仙魔邊境,天玄宗。
風卷著沙礫掠過荒草,卻在一叢野菊前輕了輕,繈褓裡的女嬰正攥著一朵鵝黃菊瓣,眼尾微翹如星子,連啼叫都帶著清潤。
“峰哥,你看......”青裙婦人的銀飾在風裡顫了顫,玄色勁裝的男子正欲拽她離開,卻見她已蹲下身,她指尖凝成軟絮墊在女嬰頸下。
“都十年了......”婦人聲音發澀,指腹蹭過女嬰泛紅的小耳垂,“這娃兒不哭不鬧,許是和咱們有緣分。”
玄樞與文瀚星君在雲端俯視,滿意地相視一笑。
男子喉結動了動,剛要伸手摸繈褓上的雲紋,忽聽得劍鳴破空。
“魔修住手!”
白衣弟子踏枝而來,腰間長劍嗡鳴出鞘,劍尖直逼婦人手腕:“敢在仙魔邊境拐帶嬰孩,當我天玄宗是擺設?”

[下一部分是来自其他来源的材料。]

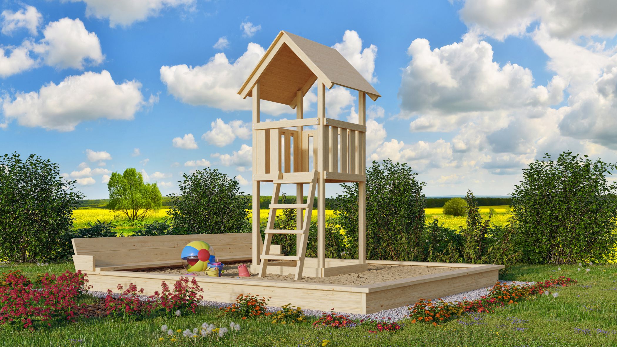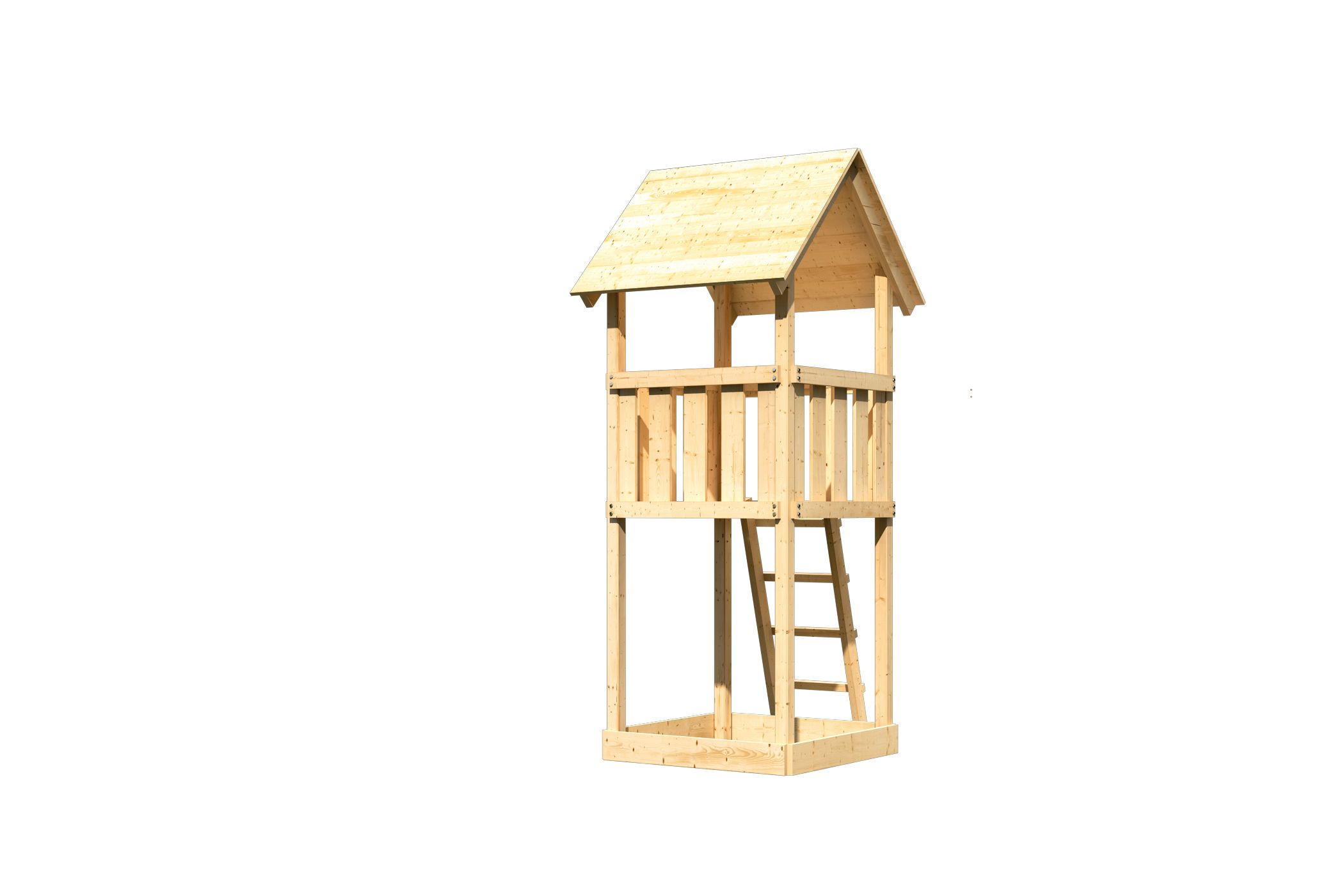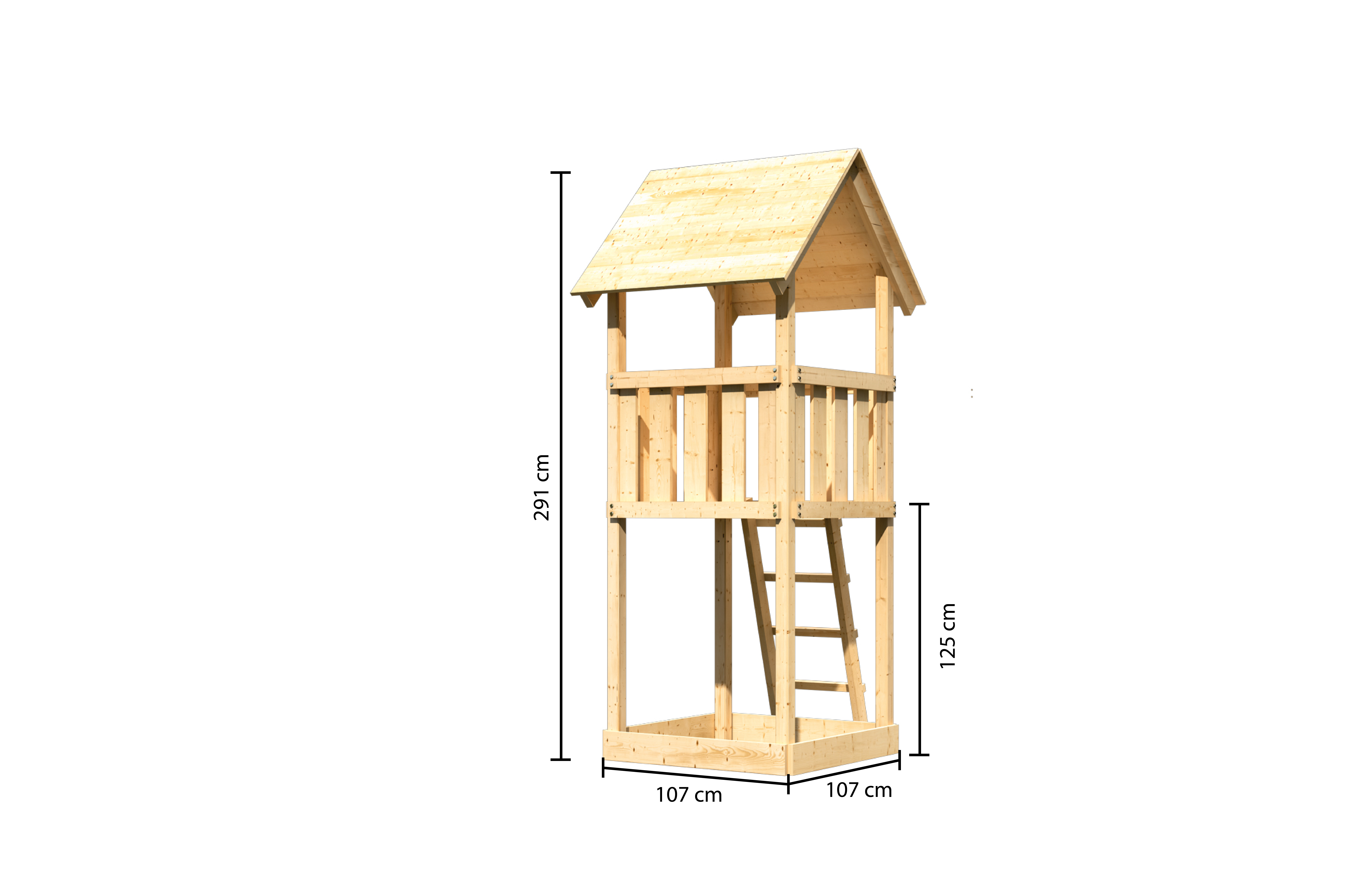 Best natural Nordic spruce wood with a basic construction of 68 x 68 mm thick posts. Our wood comes from the far north of Europe and is absolutely untreated. This makes it free of all known problematic substances that could penetrate the wood during boiler pressure impregnation. The platform height of 125 cm offers the best views and makes your child's imagination bloom. The gable roof and the parapet boards are made of 18 mm thick boards and offer high stability and thus long-lasting safety.
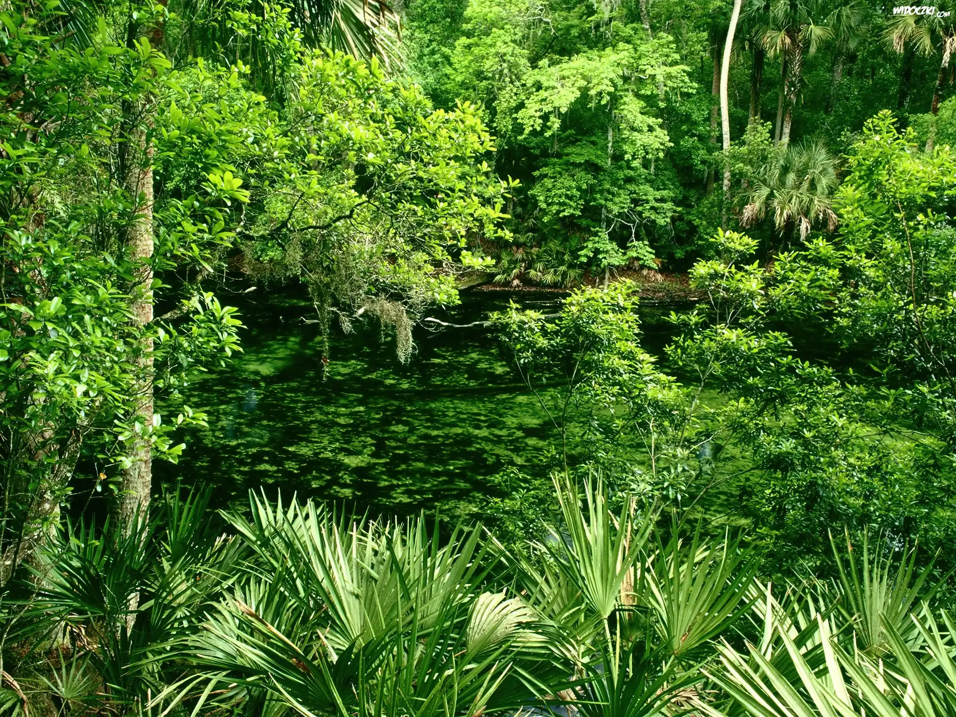 Zdjęcia, Wiosenny, Las, Zielone, Drzewa, Krzewy

婦人慌忙護著女嬰後退,男子橫臂擋在她身前,玄色衣擺被劍氣掀起:“道爺誤會了!我們......”
“住口!”弟子劍勢更急,“魔修的話也配信?”劍氣擦著婦人左肩削斷一株枯槐,碎木飛濺時,繈褓下忽有極淡的星輝漫開,女嬰原本因驚嚇皺起的小臉舒展了,竟咯咯笑出聲。
女嬰伸出藕節似的小手抓向婦人,婦人眼眶一熱,差點落下淚來。
一道金光閃過,那弟子突然彷彿被定住身形般,無法動彈。
男子趁機拽著她往林子裡退,可才挪兩步,便覺周身空氣凝如鐵鑄。
“誰準你們走了?”
聲線如寒潭破冰,眾人抬頭時,隻見一抹青影自殘陽裡踏劍而來。來者廣袖垂雲,眉目如霜刃初拭,發間玉冠映得霞光都暗了幾分,偏那雙眼尾微挑,倒添了幾分冷艷。
他足尖點地,雲氣自劍尖翻湧,方纔還張牙舞爪的魔氣竟如退潮般散了大半。
“掌門!”白衣弟子終於能動彈了,慌忙收劍行禮,額角已滲出細汗。
易軒酆目光掃過魔修夫婦懷中的女嬰,唇角未動,袖中卻有寒芒一閃。男子悶哼一聲,胸前炸開一片黑血,婦人踉蹌著去扶,卻見易軒酆已欺身近前,廣袖一拂便捲走了女嬰。
“魔修私入仙域,本應誅盡。”他指尖掐訣,男子腿上又添一道血痕,“念你們未傷嬰孩,滾。”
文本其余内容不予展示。